A tasty keto recipe that serves 12. Goes well with a coffee in the morning.

Ingredients

  • 4 large Eggs at room temperature
  • 1 cup Coconut Cream canned, full fat, shake the can before measuring
  • ½ cup Erythritol or sugar or a mix
  • 2 teaspoons Vanilla Extract
  • 1 teaspoon Pure Coconut Extract
  • ¾ cup Coconut Flour, no lumps, measure precisely
  • ½ cup Unsweetened Desiccated Coconut
  • 2 teaspoons Baking Powder

    CREAM CHEESE FROSTING
  • 125g Cream Cheese soft, at room
    temperature, cubed
  • ¼ cup icing sugar
  • ¼ cup Coconut Cream canned, full fat,
    shake the can before measuring
  • 1 teaspoon Coconut Extract

Directions

  1. Preheat oven to 180°C.
  2. Grease and line a 23cm cake pan with coconut oil or butter.
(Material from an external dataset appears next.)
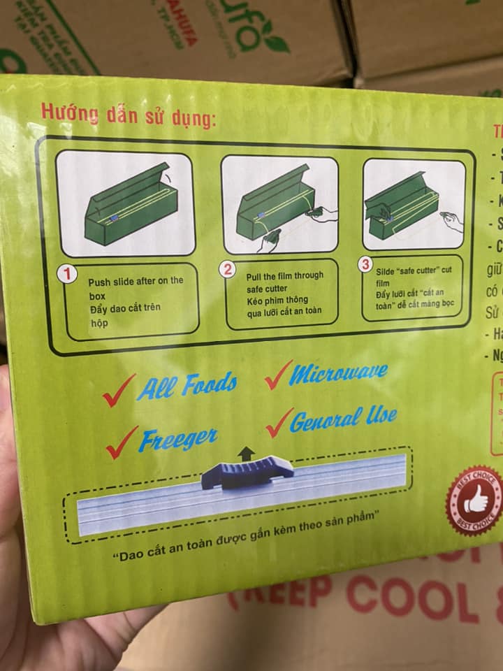 - Màng bọc thực phẩm PVC chỉ thích hợp với những loại thực phẩm chưa qua chế biến và cần phải rửa sạch lại thực phẩm khi chế biến món ăn. Thông tin sản phẩm:

Set aside.
  3. In a large bowl, using an electric beater on medium speed, beat the eggs, cream, sugar mix, coconut extract, and vanilla until slightly lighter in colour.
  4. Beat in coconut flour and baking powder until the batter is shiny and has no lumps. Stop the beater and stir in the desiccated coconut. Pour into the pan.
  5. Bake for 20-25 minutes. Insert a pick in the centre of the cake every 5 minutes from 20 minutes of baking. If it comes out clean or with a little bit of crumb,
    it’s cooked! This is the best way to prevent a coconut flour cake from overbaking and getting dry.
  6. Cool 5 minutes in the pan then transfer onto a cooling rack.
  7. Cool 1 hour on the rack or wait until it reaches room temperature to frost.
  8. 10 minutes before serving, beat the cream cheese with coconut cream, coconut extract, and icing until fluffy. If too thick, add more coconut cream until it reaches a texture you love.
  9. Spread the icing on top of the cake and serve with extra toasted desiccated coconut.